Alesha Dixon singles chronology
| "Take Control" (2010) | "Radio" (2010) | "Every Little Part of Me" (2011) |

= Radio (Alesha Dixon song) =

"Radio" is a song by English recording artist Alesha Dixon from her third album, The Entertainer. The song is The Entertainers second single, after "Drummer Boy" and was released on 28 November, coinciding with the album's release. One of the remixes features rapper Wiley, a member of grime band Roll Deep, whom Dixon collaborated with previously whilst featuring on their single, "Take Control". Dixon performed "Radio" for the first time on Strictly Come Dancing on 14 November.

==Background==
"Radio" was written by Scottish singer Emeli Sandé and Shahid "Naughty Boy" Khan; Khan also produced the record. Lyrically, the song speaks of a difficult relationship and her refusal to give up and accept the issues. The Klaas remix of "Radio" features rapper Wiley. Dixon is donating all profits from the pre-orders to Children in Need. On 14 November Alesha performed "Radio" for the first time live on BBC One's Strictly Come Dancing, which she was also judging on. Dixon also performed on T4's Koko Pop, and performed "Take Control" with Roll Deep. Additionally, Dixon performed the single on Lorraine on ITV1, presented by Lorraine Kelly.

== Critical reception ==
Critic website Stereo Board stated that "Alesha's fearlessly powerful vocals with an unforgettable, anthemic chorus that is set to make it a sure-fire radio sensation." Female First gave the single four out of five stars, stating there were "in love with it". Others criticised the song, saying it sounded like "Dixon [had] unknowingly sample[d] Robyn's 'Dancing on My Own'". Another positive review, came from Robert Copsey from Digital Spy who gave 4/5 stars for the song, saying "Upon further listening, the reason for her apathetic approach towards ear candy becomes all too clear. "I'm turning up the radio / I'll drown you out / 'Cause I don't want to let you go," she mourns over a combination of jagged beats and throbbing synths that sounds suspiciously like Robyn's own weepy club ballad 'Dancing on My Own'. Nonetheless, the result is Dixon's sturdiest effort since 'Breathe Slow' - and if you're going to have a crack at sad-pop, you may as well look to the Commander in Chief, right?".

==Music video==
The music video for "Radio" was directed by Alex Herron near Los Angeles. The video is set in an American trailer park. Whilst Dixon is in the video, she isn't the main focus. Instead, the video follows the lives of a feuding couple who live next door to Dixon. Their relationship disintegrates, and a fight erupts, causing a nearby elderly woman to dial 9-1-1. The police arrive, and arrest the man, believe domestic abuse has taken place, and the video ends with the police cars driving off, leaving the woman alone in tears. Throughout the video shots of Dixon singing are interspersed, with her either walking through the trailer park, in her caravan, or outside at night.
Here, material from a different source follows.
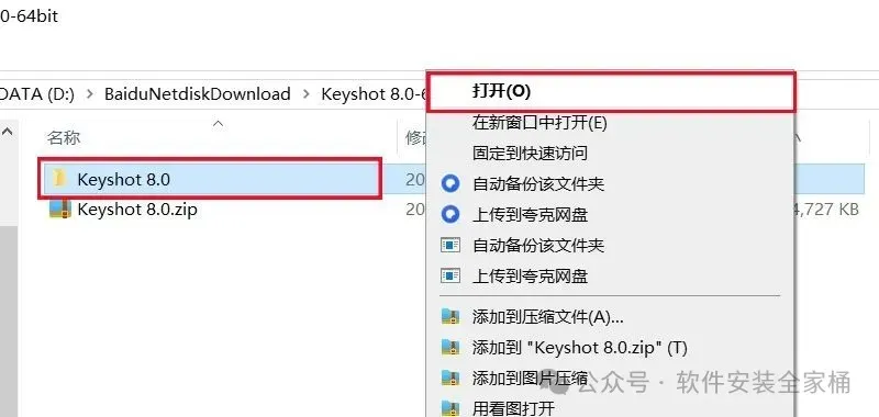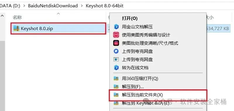 1.打开下载的Keyshot软件安装包,鼠标右击压缩包选择【解压到当前文件夹】。

Female First stated they were "loving the video", and that Dixon "look[ed] fantastic in her little caravan". However, they criticised the unrealistic set that the couple featured in, saying it as "the biggest trailer [they'd] ever seen" and "shame they couldn't fill it with furniture".

==Track listings==

- Digital download
1. "Radio" – 3:04

- CD single
2. "Radio" – 3:04
3. "Radio" (7th Heaven Radio Edit) – 3:01

- Digital EP
4. "Radio" – 3:04
5. "Radio" (7th Heaven Club Remix) – 6:39
6. "Radio" (Klaas Remix Edit) (featuring Wiley) – 3:37
7. "Radio" (True Tiger Remix) – 4:00
8. "Radio" (Mutated Forms Remix) – 4:09

==Charts==
Due to little airplay on radio and music channels the single missed out on the top 40 in the United Kingdom. It did however, become a top 10 hit on the UK R&B Chart, peaking at 10.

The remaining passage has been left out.